In the same way, you can be successful with the Stud RB beginning or the quarterback by committee approach. Or, it is sound to try something like your Upside Down Draft Strategy or to go into the draft without a defined plan and attack by taking the highest player in given tiers knowing that you need to have depth at positions that don’t have good relative value and plenty of studs elsewhere to make up for that. It’s all the prep work that you do that allows you to make these decisions.

 

Categories: Analysis, Jene Bramel, Q&ATags: , , , , , , , ,

5 comments

  1. I have never bothered to do an IDP League precisely because the best IDP players don’t go until the 8th round or so in traditional drafts. What’s the point? Why bother get involved if the defensive players are so poorly thought of?

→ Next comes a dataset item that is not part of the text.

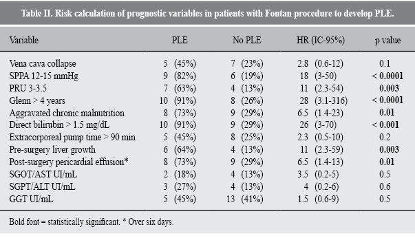 On the bivariate analysis to calculate the HR to develop PLE, the statistically significant variables were (Table II): SPPA between 10-12 mmHg; PRU between 3-3.5 Wood units; time between the Glenn and Fontan procedures; aggravated chronic malnutrition; hepatomegaly before surgery, and the development of pleural effusion on the immediate post-surgery period.

    So I like the idea of this scoring system very much and I hope it catches on.

    (That being said QBs should always put up the most points in any league because they are either the most valuable player on their respective team or the reason that their team is no good. If we had a full-on, start from absolute scratch draft in the NFL today the first round would be 50% quarterbacks. So, just don’t get too cute with scoring systems where all of a sudden a TE is equal to a QB, that’s 100% non-sense. I don’t believe a TE would be drafted in my hypothetical NFL draft in the first 3 rounds. If all positions are equivalent then you might as well make kickers approximately equal to QBs, RBs, and TEs. Why not? Don’t get it twisted people!)

  2. IDP leagues rule. Way more fun than just offensive players – even if they don’t generally score as well as offensive players.

    • Completely agree. If I could only play in one league it would be a combo IDP/Offense league. No doubt. Watching Justin Tuck is just as fun as watching Rob Gronkowski. Glad you commented.

  3. Dr. Jene’s IDP guidance combined with Upside Down drafting has worked wonderfully in my drafts so far. Totally agree with the sentiment about equalizing scoring on each side of the ball – hope this breaks out.